From a cursory glance, the course is only distinguishable by the fluorescent flags planted in the jet-black ‘greens’. Rolled with a mixture of sand and sump oil, the greens offer little variability, instead giving generous value for speculative putts. The fairways, a delight for rock fanciers, offer unpredictable lies and next to no reward for a gun-barrel-straight drive. The absence of even a blade of grass invalidates the need for a groundskeeper, but permits judicious use of the fairway tee and other concessions from the hackers’ manual. Hazards abound, though fortunately reduced by the efforts of a mine-clearance team who swept the course prior to its reopening. Golfers may, however, encounter a bore well sunk at the lip of the second green, a herd of goats forlornly grazing on the fifth, and disused explosive cartridges in the rough, seemingly begging the out-of-bounds rule.

As a spectacle, as indeed we were, the round attracted a full complement of characters.

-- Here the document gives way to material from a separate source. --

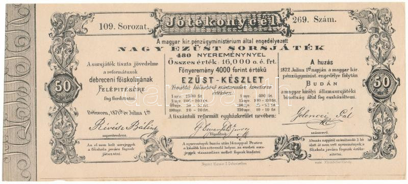 1871. Debrecen "Jótékony cél - Nagy Ezüst Sorsjáték" sorsjegye 50kr értékben a Debreceni Református Főiskola felépítésére, "109. 269." sorozat és sorszámmal T:AU nyomdai papírránc

My young caddy’s frequent discursions into conversational German failed to improve my club selection, while our complementary troupe of ball-spotters stationed like nervous ninepins on the fairway, more often pointed at each other than at the location of an errant drive. The gallery swelled considerably as we tore up the course, the sight of eight expatriates berating an undersized white ball with a misshapen metallic stick guaranteeing an afternoon’s light comedy. The female players were particularly conspicuous trying to preserve their modesty during a full-blooded swing.

After retiring the round early due to a combination of bad light and worse form, we paid off our entourage and bid farewell to Abdul, who had already begun planning the country’s inaugural tournament, presumably featuring the cream of Kabul’s aid-worker community. Even without a patch of grass, a complete set of clubs or the obligatory 19th hole, Abdul had proven himself a genuine innovator and Afghanistan’s most eminent golfing tragic.